■ EXERCISE: Transcribe all of the data exactly. Omit the pictures.

· · · · ·

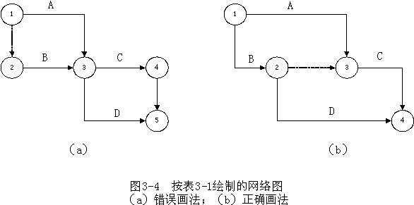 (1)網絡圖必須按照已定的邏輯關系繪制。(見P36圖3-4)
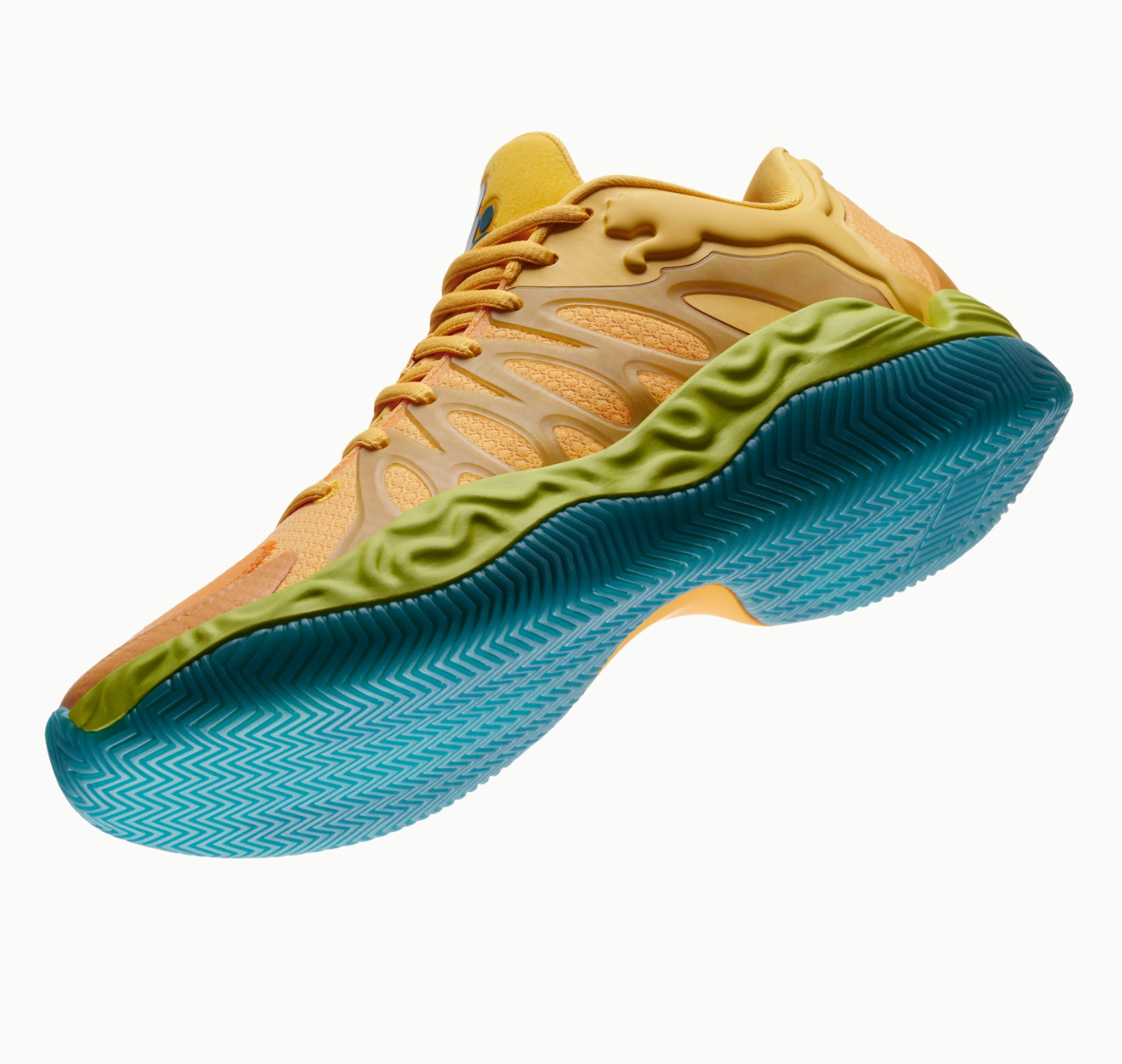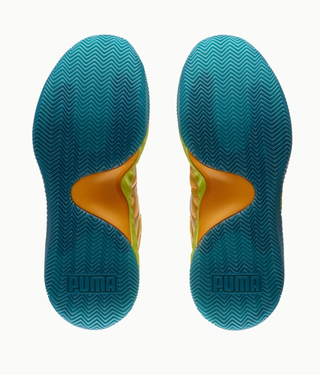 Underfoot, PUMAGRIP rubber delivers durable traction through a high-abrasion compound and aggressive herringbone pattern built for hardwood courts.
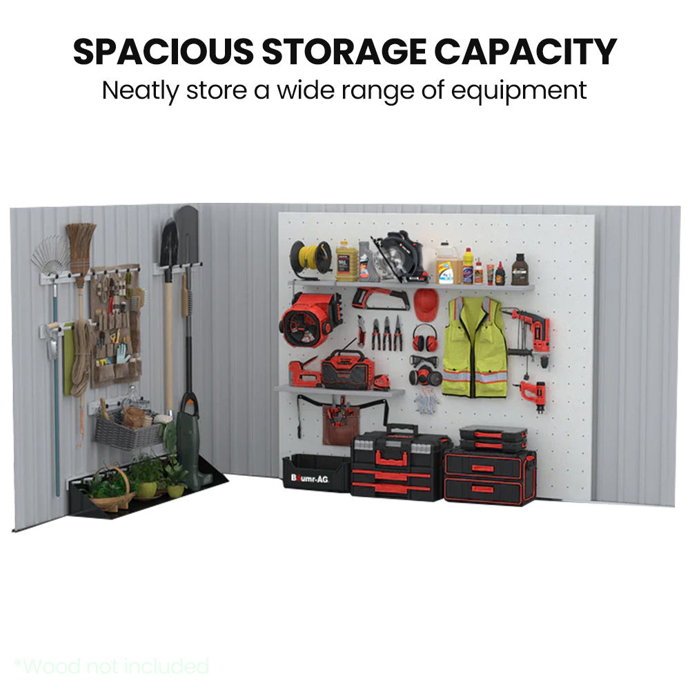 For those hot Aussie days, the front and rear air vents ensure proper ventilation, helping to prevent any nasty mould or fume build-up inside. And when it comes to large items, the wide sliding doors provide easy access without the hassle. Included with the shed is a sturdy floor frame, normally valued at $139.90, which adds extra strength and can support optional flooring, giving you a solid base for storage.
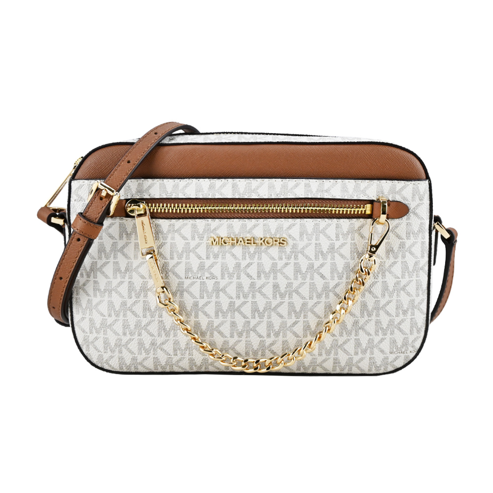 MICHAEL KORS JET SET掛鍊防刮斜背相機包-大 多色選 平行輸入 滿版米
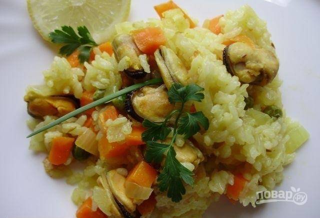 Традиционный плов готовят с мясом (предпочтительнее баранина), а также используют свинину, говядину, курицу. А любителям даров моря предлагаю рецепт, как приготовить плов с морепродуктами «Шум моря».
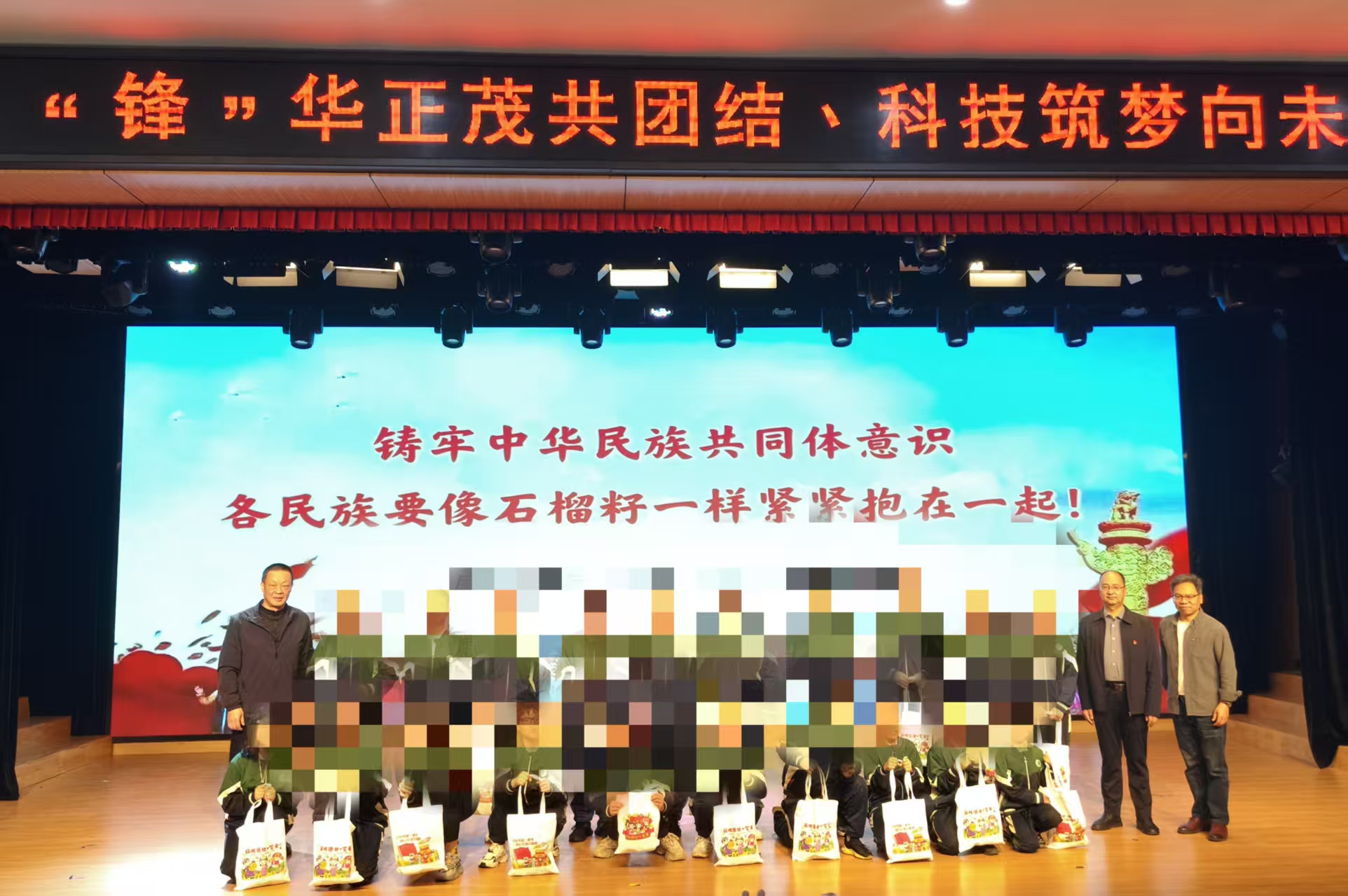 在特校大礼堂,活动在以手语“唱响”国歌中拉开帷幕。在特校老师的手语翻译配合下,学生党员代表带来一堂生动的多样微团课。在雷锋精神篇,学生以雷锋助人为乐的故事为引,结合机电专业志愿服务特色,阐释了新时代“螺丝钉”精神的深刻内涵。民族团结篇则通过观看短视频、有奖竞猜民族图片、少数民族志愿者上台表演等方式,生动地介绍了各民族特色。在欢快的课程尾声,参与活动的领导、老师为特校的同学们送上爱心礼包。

· · · · ·

■ SOLVED PROBLEM:
 (1)網絡圖必須按照已定的邏輯關系繪制。(見P36圖3-4)
 Underfoot, PUMAGRIP rubber delivers durable traction through a high-abrasion compound and aggressive herringbone pattern built for hardwood courts.
 For those hot Aussie days, the front and rear air vents ensure proper ventilation, helping to prevent any nasty mould or fume build-up inside. And when it comes to large items, the wide sliding doors provide easy access without the hassle. Included with the shed is a sturdy floor frame, normally valued at $139.90, which adds extra strength and can support optional flooring, giving you a solid base for storage.
 MICHAEL KORS JET SET掛鍊防刮斜背相機包-大 多色選 平行輸入 滿版米
 Традиционный плов готовят с мясом (предпочтительнее баранина), а также используют свинину, говядину, курицу. А любителям даров моря предлагаю рецепт, как приготовить плов с морепродуктами «Шум моря».
 在特校大礼堂,活动在以手语“唱响”国歌中拉开帷幕。在特校老师的手语翻译配合下,学生党员代表带来一堂生动的多样微团课。在雷锋精神篇,学生以雷锋助人为乐的故事为引,结合机电专业志愿服务特色,阐释了新时代“螺丝钉”精神的深刻内涵。民族团结篇则通过观看短视频、有奖竞猜民族图片、少数民族志愿者上台表演等方式,生动地介绍了各民族特色。在欢快的课程尾声,参与活动的领导、老师为特校的同学们送上爱心礼包。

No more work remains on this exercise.